*WHAT NEEDS TO BE DONE*.
Using the data below, return word for word every line from the one holding "The RegisterBitWritable component" down to the one holding "Mit dieser altbekannten". Leave pictures out.

*MATERIALS PROVIDED*.
*-*-*

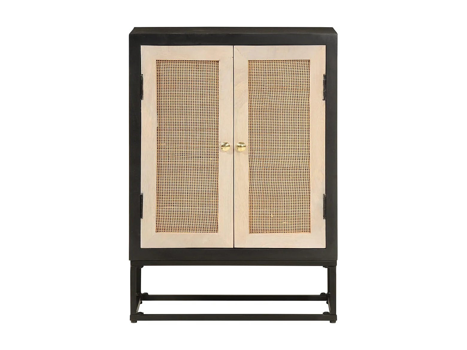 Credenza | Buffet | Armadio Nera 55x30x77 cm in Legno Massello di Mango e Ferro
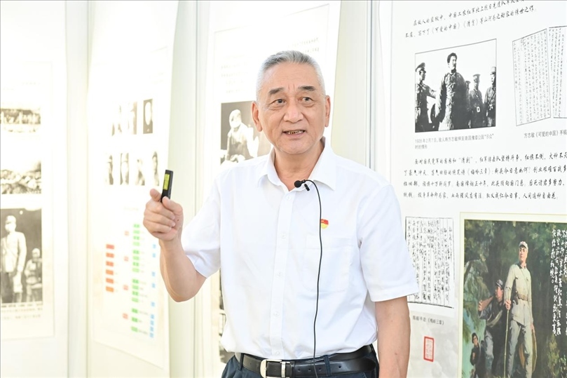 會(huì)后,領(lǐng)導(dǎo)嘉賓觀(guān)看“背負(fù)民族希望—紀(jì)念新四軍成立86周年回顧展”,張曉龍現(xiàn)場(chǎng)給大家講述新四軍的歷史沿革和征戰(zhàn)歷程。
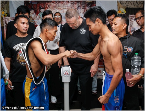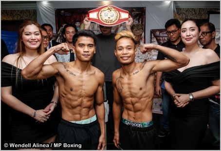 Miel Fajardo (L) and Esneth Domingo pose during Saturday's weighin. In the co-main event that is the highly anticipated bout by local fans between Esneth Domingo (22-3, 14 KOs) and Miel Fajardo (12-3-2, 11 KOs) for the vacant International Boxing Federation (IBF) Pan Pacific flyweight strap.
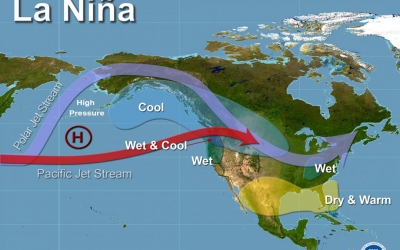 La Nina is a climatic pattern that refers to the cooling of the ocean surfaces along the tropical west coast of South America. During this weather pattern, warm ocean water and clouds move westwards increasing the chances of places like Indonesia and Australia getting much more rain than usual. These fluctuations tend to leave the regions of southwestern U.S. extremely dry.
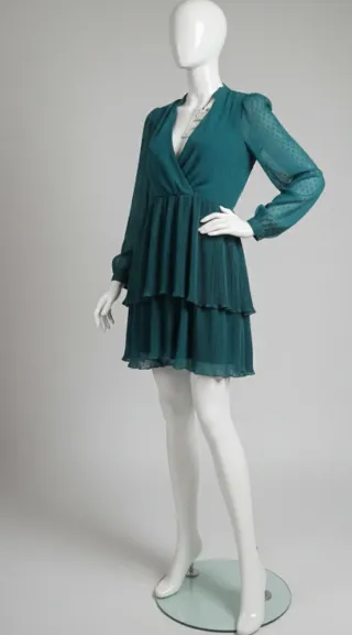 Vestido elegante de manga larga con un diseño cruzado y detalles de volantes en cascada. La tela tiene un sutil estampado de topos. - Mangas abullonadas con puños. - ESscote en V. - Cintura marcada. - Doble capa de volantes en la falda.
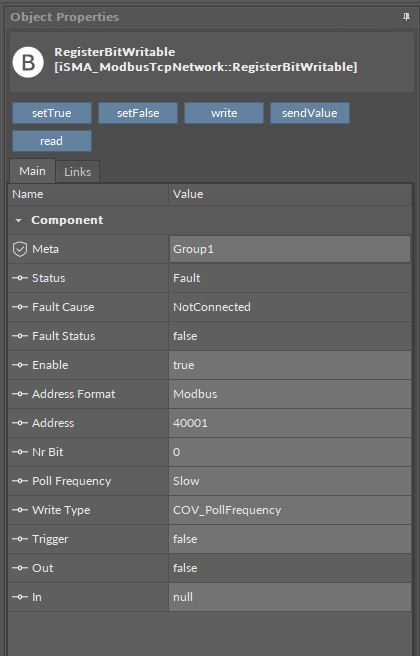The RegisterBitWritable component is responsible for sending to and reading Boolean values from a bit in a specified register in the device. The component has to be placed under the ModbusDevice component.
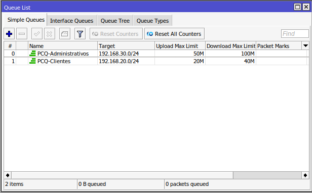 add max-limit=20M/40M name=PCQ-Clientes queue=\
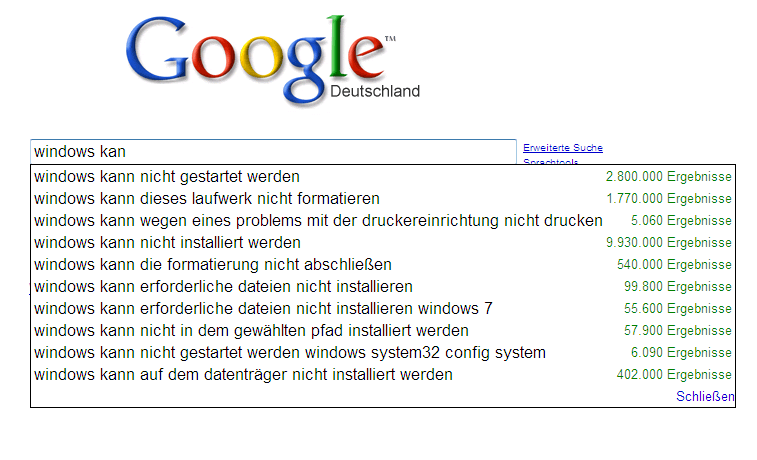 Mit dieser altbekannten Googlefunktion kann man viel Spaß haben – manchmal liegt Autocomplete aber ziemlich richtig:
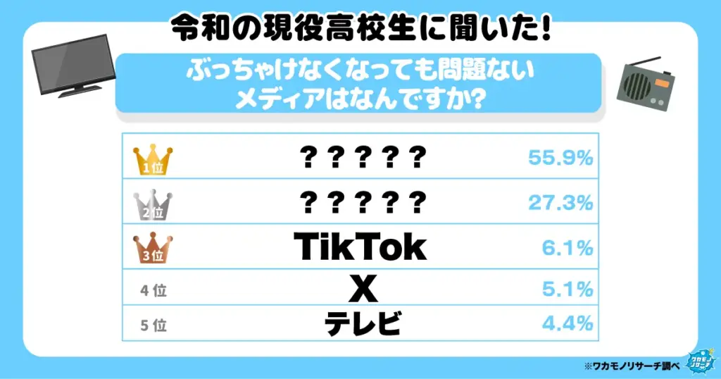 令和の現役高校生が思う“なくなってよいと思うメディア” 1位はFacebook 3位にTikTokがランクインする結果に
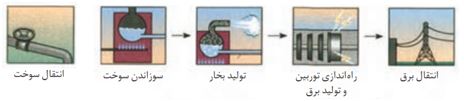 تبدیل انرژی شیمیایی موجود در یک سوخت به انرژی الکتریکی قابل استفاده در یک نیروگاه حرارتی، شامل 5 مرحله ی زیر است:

*-*-*

*COMPLETED EXERCISE*.
The RegisterBitWritable component is responsible for sending to and reading Boolean values from a bit in a specified register in the device. The component has to be placed under the ModbusDevice component.
 add max-limit=20M/40M name=PCQ-Clientes queue=\
 Mit dieser altbekannten Googlefunktion kann man viel Spaß haben – manchmal liegt Autocomplete aber ziemlich richtig:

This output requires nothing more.